|
ИСПОВЕДЬ
|
Когда-то я был
влюблен в театр. Не той любовью, которой движимы завзятые театралы, и не той,
которая пожизненно приковывает истинных актеров к рампе. Меня восхищал феномен
лицедейства. В те времена я имел весьма туманные представления о системе
Станиславского (не говоря уже про теоретические изыскания Михаила Чехова), но
даже если бы и проштудировал «Мою жизнь в искусстве», вряд ли отыскал бы в этом
труде хотя бы минимальное подтверждение своим чувствам. Театр представлялся
мне некой инфернальной сферой, в которой человек, реальный и осязаемый,
переставал быть белковым телом, становился образом, воздухом, феерией. Я
буквально задыхался от восторга, осваивая (в порядке трудовой дисциплины, как
сказал бы булгаковский персонаж) азы актерской техники, пластики, речи. Главным
результатом истинного лицедейства я считал способность актера изменять
окружающий мир, делать его под себя.
Внутреннее перевоплощение, личностное отождествление актера с его героем, чего
добивался от своих учеников незабвенный Константин Сергеевич, было для меня
вторичным. Я пребывал в полной уверенности, что, к примеру, театральный
художник сначала вникает в актерскую концепцию, а уж затем моделирует декорации
к спектаклю. Режиссеру я отводил место в каптерке технического персонала. Его
роль заключалась, на мой взгляд, лишь в расстановке шахматных фигур перед
игрой. Вся сценическая атрибутика, начиная от света, музыки, реквизита,
декораций и кончая зрительным залом, казалась мне второстепенным придатком,
меняющимся фоном для грандиозной фигуры лицедея. В состоянии этой
влюбленности я провел свои юношеские годы. Те самые годы, о которых ни один
человек, будь он даже патологическим пессимистом, не смеет жалеть. Толпы
драматургов - от Шекспира до Вампилова, толпы режиссеров - от Брука до Плучека,
толпы художников - от Боровского до Левенталя - шли на поводу у единственного и
неповторимого существа, которому можно было довериться абсолютно и окончательно
- шли на поводу у актера. Физически сливаясь с довольно однообразной массой
людей, именуемой официально советским театральным зрителем, я духовно выделялся
из нее (как мне тогда казалось) другим углом зрения. Мне была доступна магия
волшебного преображения человека в демона (в отличие от перевоплощения, по
Станиславскому, актера в человека). Доступна в том смысле, что я ее понимал,
что, сидя в зрительном зале, я видел, как тускнел от произнесенного слова свет
софитов, как в медленном поскрипывании последнего монолога Фирса расплывался и
таял аляповатый вишневый задник, сработанный провинциальным художником.

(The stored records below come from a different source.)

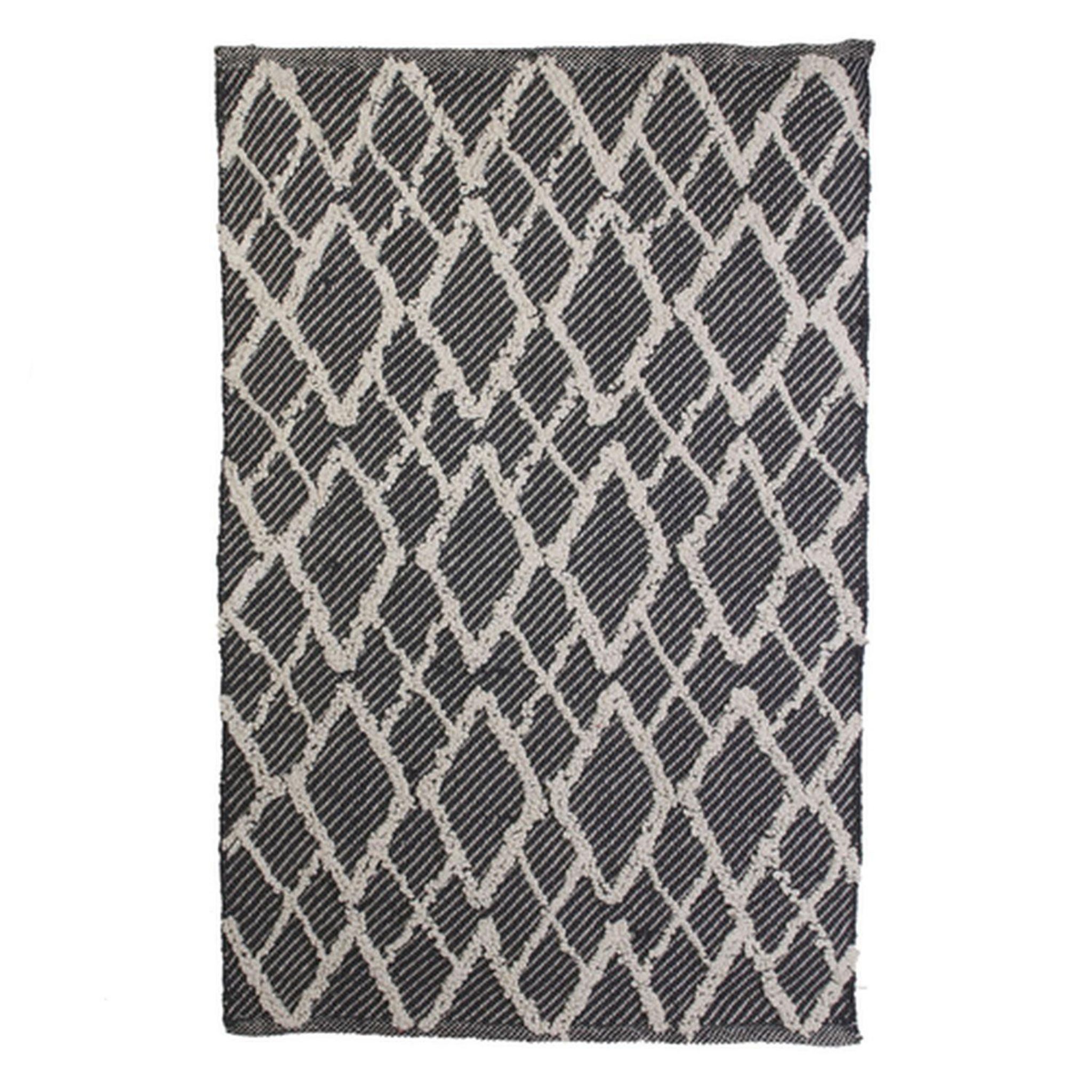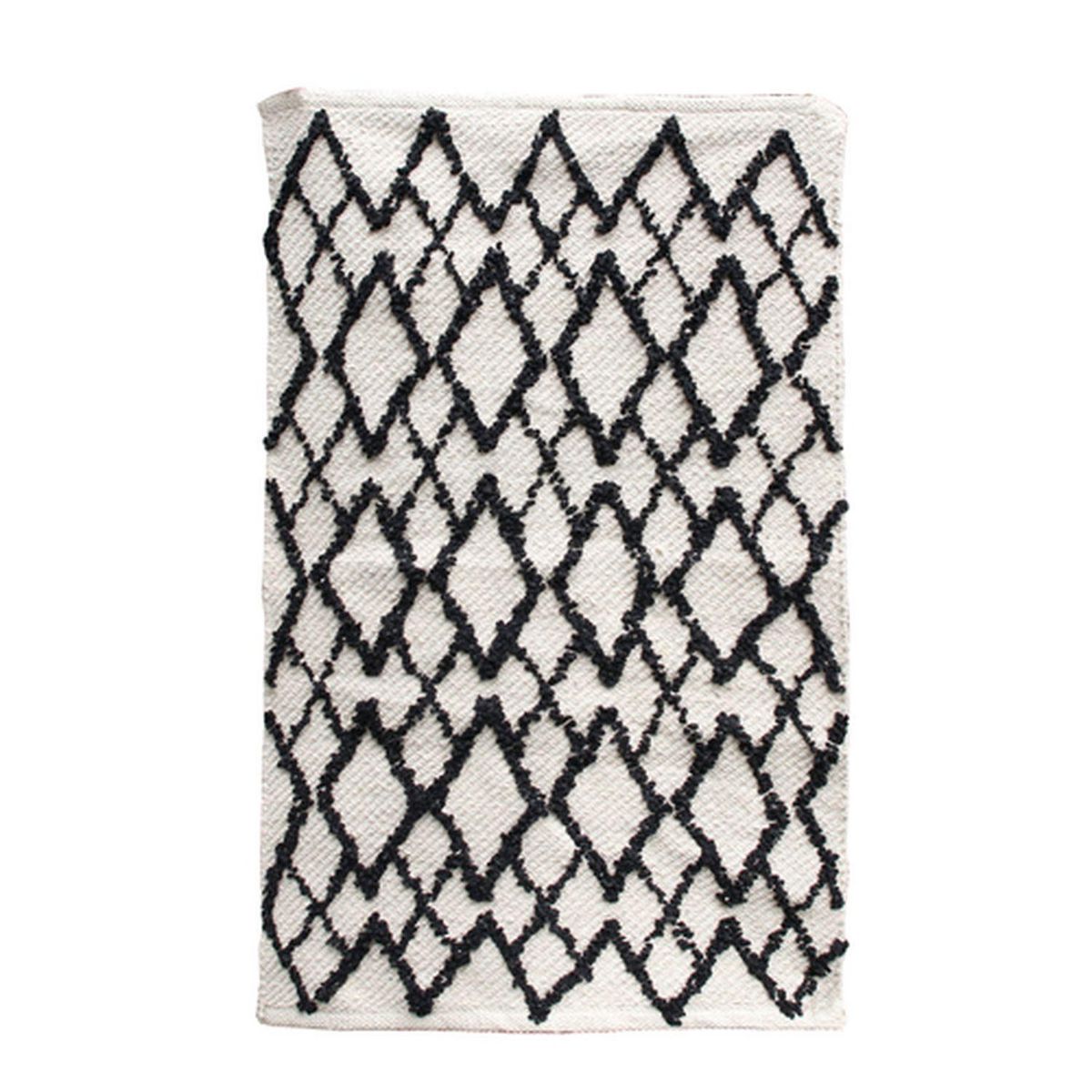 Vous aimerez les reliefs en losange de ce beau tapis d'inspiration berbère.FICHE TECHNIQUE- Tapis en coton et polyester.- On aime ses reliefs en forme de losange.CARACTERISTIQUES TECHNIQUES- Dimensions : L. 60 x l. 90 x H. 1 cm.- Poids : 0,97 kg.
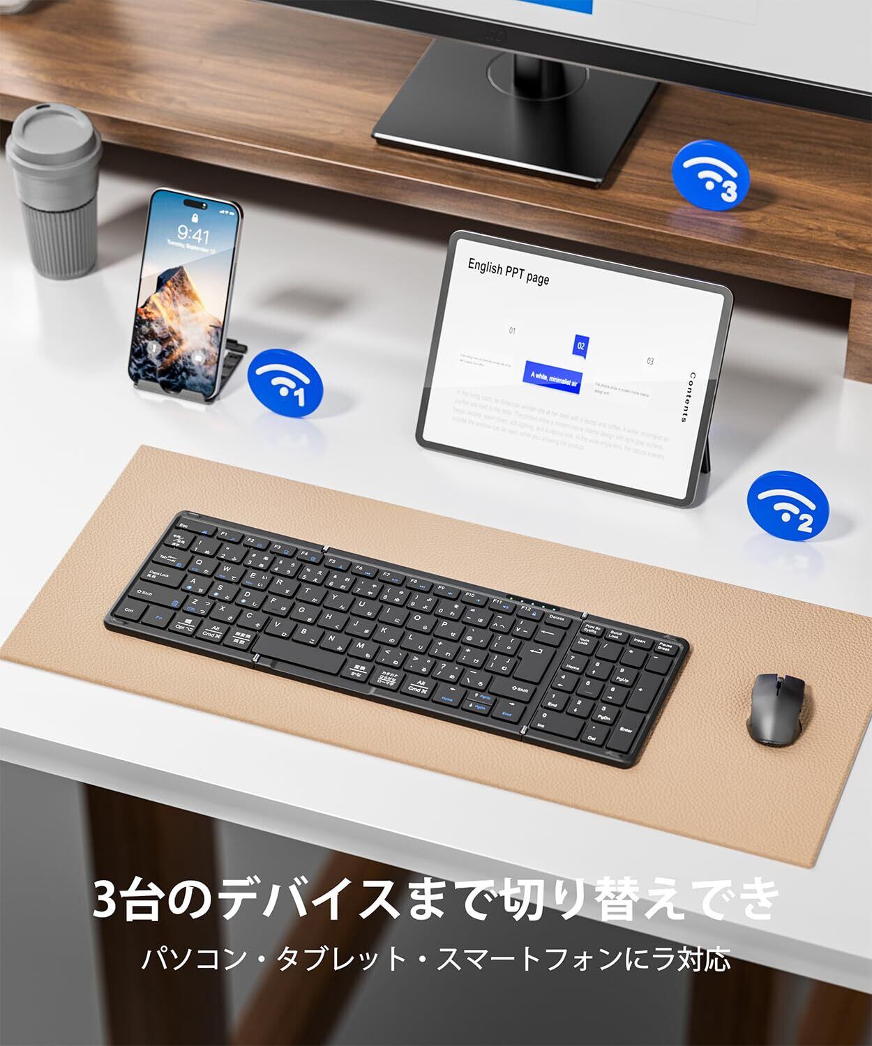 【折りたたみ式 キーボード テンキー付き】三つ折り式で外出先へ携帯する場合はバッグへ簡単に収納でき、持ち運び便利。また、大型テンキー付き、数字や記号をスムーズに入力しやすくなり、作業効率が確実に上がります。Excelや電卓アプリ、会計ソフトなどを使い数字を入力する機会が多い方に最適です。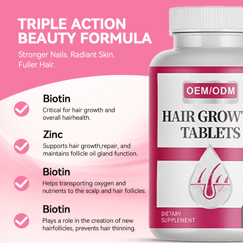 ยาเม็ดเร่งผมยาวสูตรโรงงาน OEM สำหรับมืออาชีพ ผสมไบโอตินและเคราติน เพื่อผมหนาขึ้น สุขภาพดีขึ้น และบำรุงหนังศีรษะ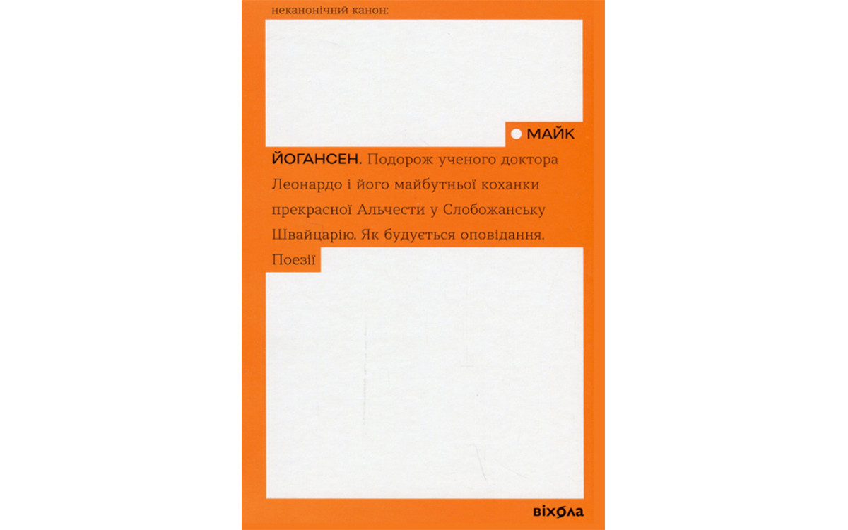 Майк Йогансен — український письменник-авангардист. Стиль його творчості — ламати правила та з їхніх уламків витворювати нову поетику. У цій книжці ви знайдете твори, які стали візитівкою Йогансена, — іронічний, пародійний роман «Подорож ученого доктора Леонардо і його майбутньої коханки прекрасної Альчести у Слобожанську Швайцарію», ключовий для розуміння творчого підходу автора текст «Як будується оповідання» та вибрані поезії.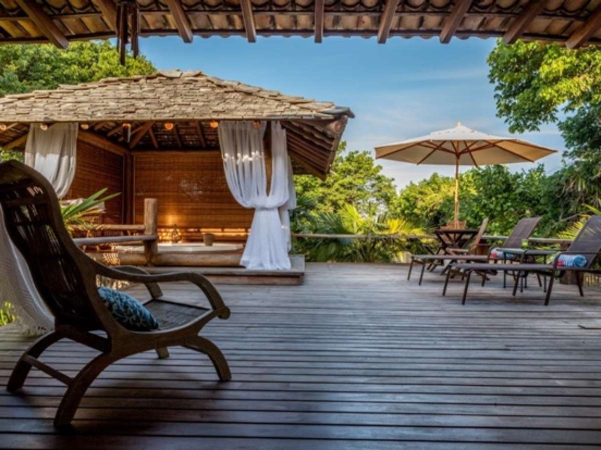 Cercada pelo verde da Mata Atlântica e com o pé na areia, a pousada conta ainda com piscina de borda infinita, deck com espreguiçadeiras, restaurante e bar de praia.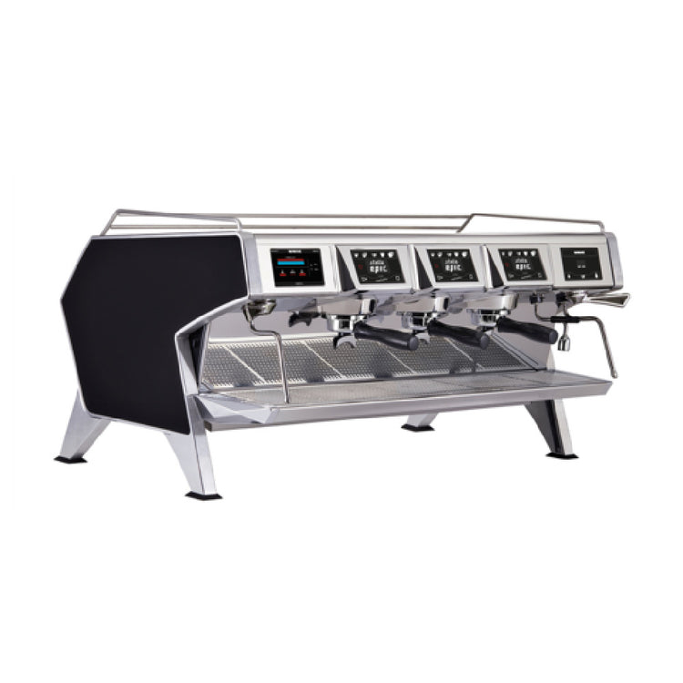The Grindmaster Cecilware EPIC 3 BLACK GRINDMASTER Beverage (LV602958) UNIC Epic Espresso Machine is a sophisticated, high-performance machine designed for professional use in the coffee industry. This automatic espresso machine features three groups, allowing for simultaneous brewing, enhancing efficiency in high-demand settings. It boasts a substantial 14.3-liter hot water and boiler capacity, ensuring a consistent supply of hot water for continuous operation. The machine is equipped with a central control LCD touch screen, providing intuitive operation and management of the brewing process. Each of the three independent control boxes offers four programmable dosing programs, allowing for precise customization of espresso shots tailored to different tastes and preferences. The inclusion of a thermalink network and programmable pre-infusion time per group further optimizes the brewing process, ensuring exceptional quality in every cup. Additionally, the Steamglide function enhances milk frothing, while the automatic cleaning cycle simplifies maintenance. The easylock brew group aids in the seamless operation of the machine. With its sleek black side and rear panels and durable stainless steel construction, this machine operates on a powerful 6.5 kW, 220v/60/1-ph electrical supply. It is CE, UL, and NSF certified, underscoring its adherence to international safety and quality standards.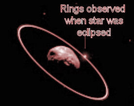 On 3 June 2013, astronomers were studying Chariklo's passage in front of a star, (also known as occulting the star), when they noticed that a few seconds before the eclipse, and again a few seconds after the occultation, there were two very short dips in the star's brightness....and they were able to deterimine this Centaur had 2 rings.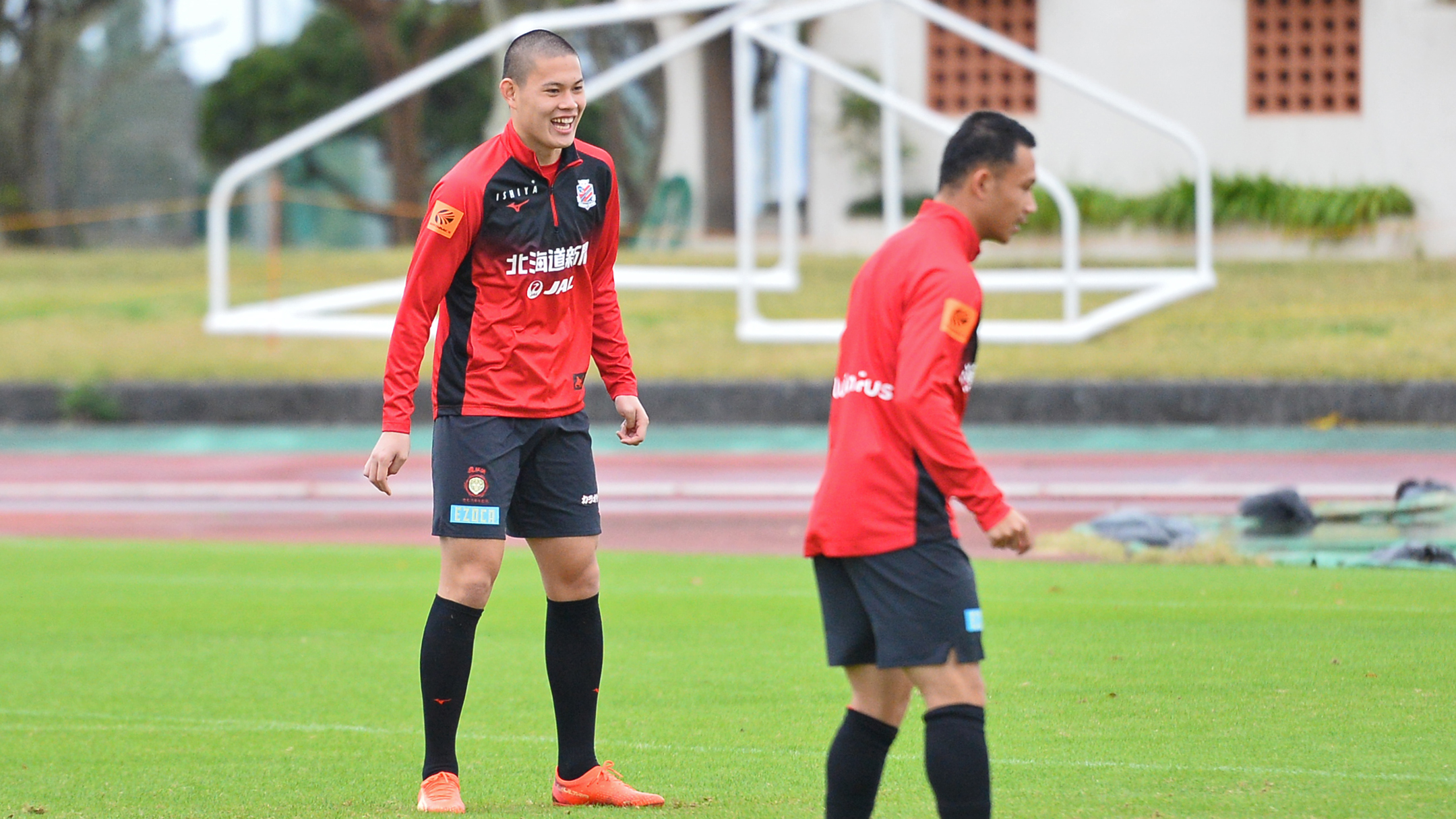 プロ入り3年目を迎えたFW中島大嘉(20)が今季を〝伝説の1年〟とするため精力的にトレーニングを行っている。全国の舞台で躍動した後輩たちから受けた刺激を糧に、開幕スタメンの座をつかみ取る。好天に恵まれることが多かった先週とはうって変わって、肌寒さを感じるほどの曇天の中で行われた休養日明けの練習。そんな中でも中島はいつもどおりの明るい笑顔を見せていた。この日の11対11では1トップやシャドーの位置でプレー。ディフェンスライン裏への抜け出しを意識した動きを何度も見せてゴールに迫った。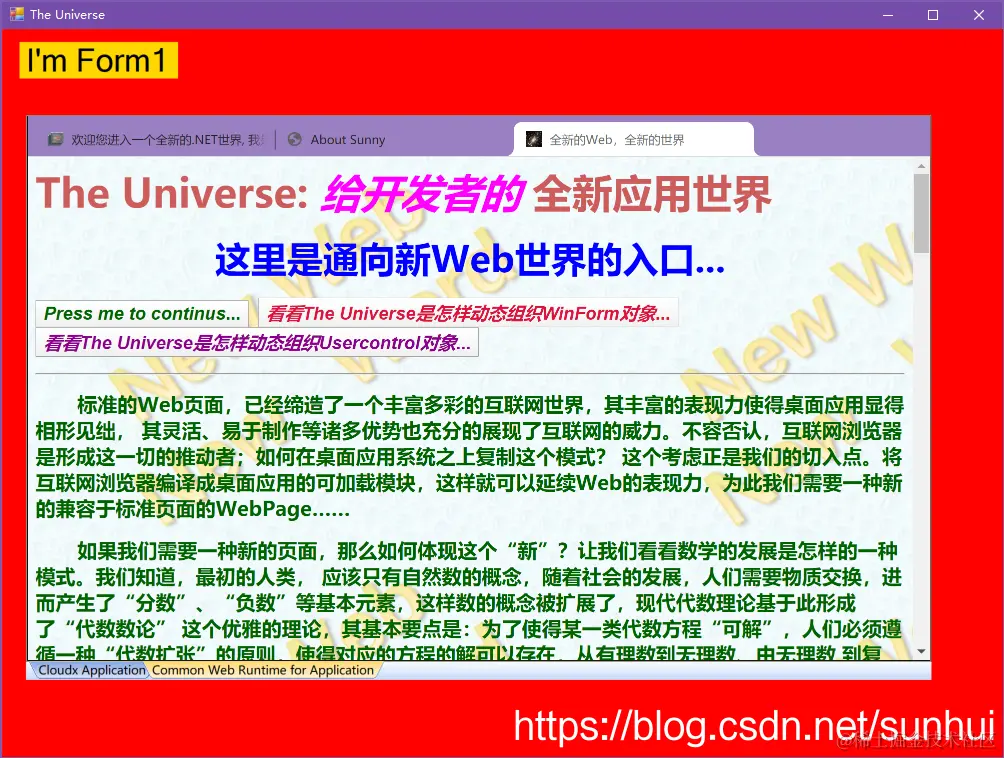 第一个Web页面表达了这样的设想:一旦Exe做为入口确定下来,那么那些符合规范的.NET GUI对象,都应该是Web页面驱动的元素,如果一个应用系统内置了浏览器,那么就意味着,开发者可以通过大量的写Web页面,营造出表现力极为丰富的”应用内容“空间,特别,这些Web页面可以成为一个Form窗体(更一般的情况:Win32窗体)的一部分,进而形成了一种通用集成的态势,原则上,符合.NET开发规范的那些控件,几乎都可以按照如上的页面结构,成为你GUI对象的一部分,我们后续会逐步展开这些细节。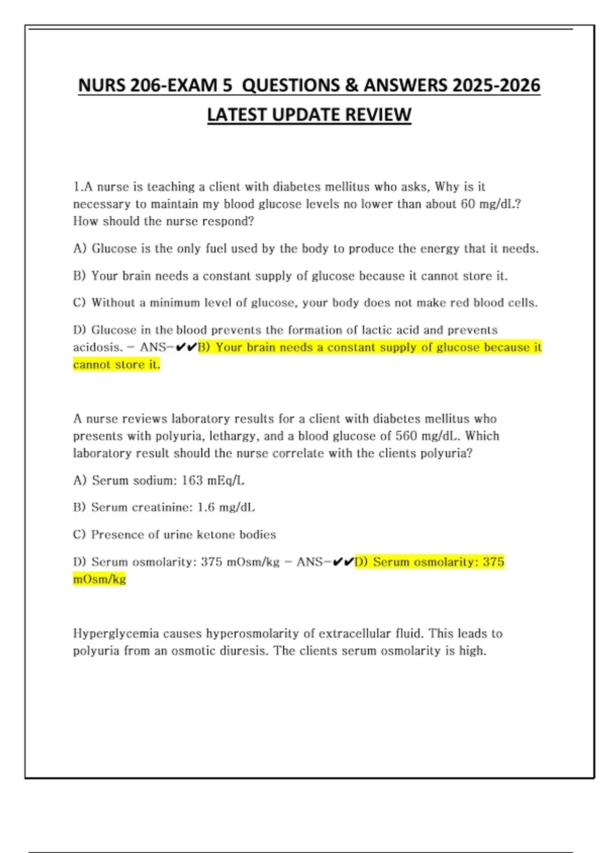 NURS 206-EXAM 5 QUESTIONS & ANSWERS LATEST UPDATE REVIEW 1.A nurse is teaching a client with diabetes mellitus who asks, Why is it necessary to maintain my blood glucose levels no lower than about 60 mg/dL? How should the nurse respond? A) Glucose is the only fuel used by the body to produce the energy that it needs. B) Your brain needs a constant supply of glucose because it cannot store it. C) Without a minimum level of glucose, your body does not make red blood cells. D) Glucose in the blood prevents the formation of lactic acid and prevents acidosis. - ANS-B) Your brain needs a constant supply of glucose because it cannot store it. A nurse reviews laboratory results for a client with diabetes mellitus who presents with polyuria, lethargy, and a blood glucose of 560 mg/dL. Which laboratory result should the nurse correlate with the clients polyuria? A) Serum sodium: 163 mEq/L B) Serum creatinine: 1.6 mg/dL C) Presence of urine ketone bodies D) Serum osmolarity: 375 mOsm/kg - ANS-D) Serum osmolarity: 375 mOsm/kg Hyperglycemia causes hyperosmolarity of extracellular fluid. This leads to polyuria from an osmotic diuresis. The clients serum osmolarity is high. .After teaching a young adult client who is newly diagnosed with type 1 diabetes mellitus, the nurse assesses the clients understanding. Which statement made by the client indicates a correct understanding of the need for eye examinations? A) At my age, I should continue seeing the ophthalmologist as I usually do. B) I will see the eye doctor when I have a vision problem and yearly after age C) My vision will change quickly. I should see the ophthalmologist twice a year. D) Diabetes can cause blindness, so I should see the ophthalmologist yearly. - ANS-...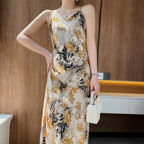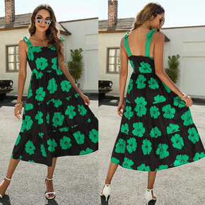 2022夏季跨境新品女装吊带抹胸印花休闲大摆裙绿色...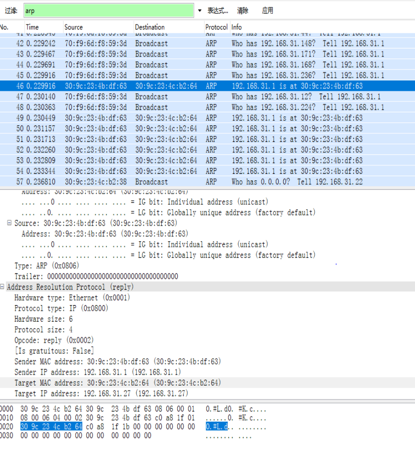 (4)ARP欺骗的数据包同时也可以被其他在同一个网段的主机查询到。例如我们可以查询到192.168.31.93的主机被192.168.31.6的主机查询等,之后再可根据MAC地址追踪到对应的主机。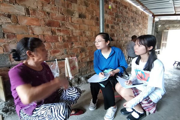 暑期社会实践团负责线下调研的梁群琦、游寰、杨珊珊等五名队员共同前往已联系的两个村落进行调研。队员就扶贫工作在村内的开展进程的情况,村民对扶贫政策落实的公平性的满意程度,疫情影响下的家庭收支情况,对未来不走返贫路的建议与想法等问题进行询问。根据调研内容的反馈以及调研问卷的数据整理结果,队员们获取了部分村民对扶贫工作的满意程度的重要信息,了解到村民对接下来生活质量与生活走向的不同期待。

Впоследствии выяснилось, что это прогрессировала моя близорукость… Сегодня я театр не
люблю. И не стыжусь такого признания. Я отношусь к театру, как обычный в меру образованный
и в меру серый человек. Сцена привлекает меня не больше, чем уютный угловой
столик в бистро или занимательная новелла Франсуазы Саган. Я разочарован. И
стоит только благодарить бога, что мне удалось избежать довольно
распространенной метаморфозы - превратиться из фанатично влюбленного в
фанатично ненавидящего. За свою юношескую любовь к театру я заплатил сполна. За
высокое всегда приходится дорого платить. Юность попирается зрелостью, зрелость
- старостью, рождение - смертью. С того времени, когда я в буквальном и
переносном смысле просыпался в кулисах, прошло много разных лет, которые я уже
никогда не проживу. За эти годы я (как мне кажется) понял многое из того, чего
(как мне, опять же, кажется) понимать бы вообще не следовало. Процесс естественный,
скажите вы. С точки зрения человеческого опыта, это действительно так. Но в
несуразном нашем мире и опыт человеческий несуразен. Когда я понял эту
тривиальную, в общем-то, истину, энергия моего разочарования удесятерилась. Блуждая как-то по
страницам «Мифа о Сизифе», я наткнулся на фразу, которая, кажется, расставила
многие точки над многими i. В этой фразе говорилось о том, что существо человека
формирует эпоха - точно так же, как существо актера формируют декорации.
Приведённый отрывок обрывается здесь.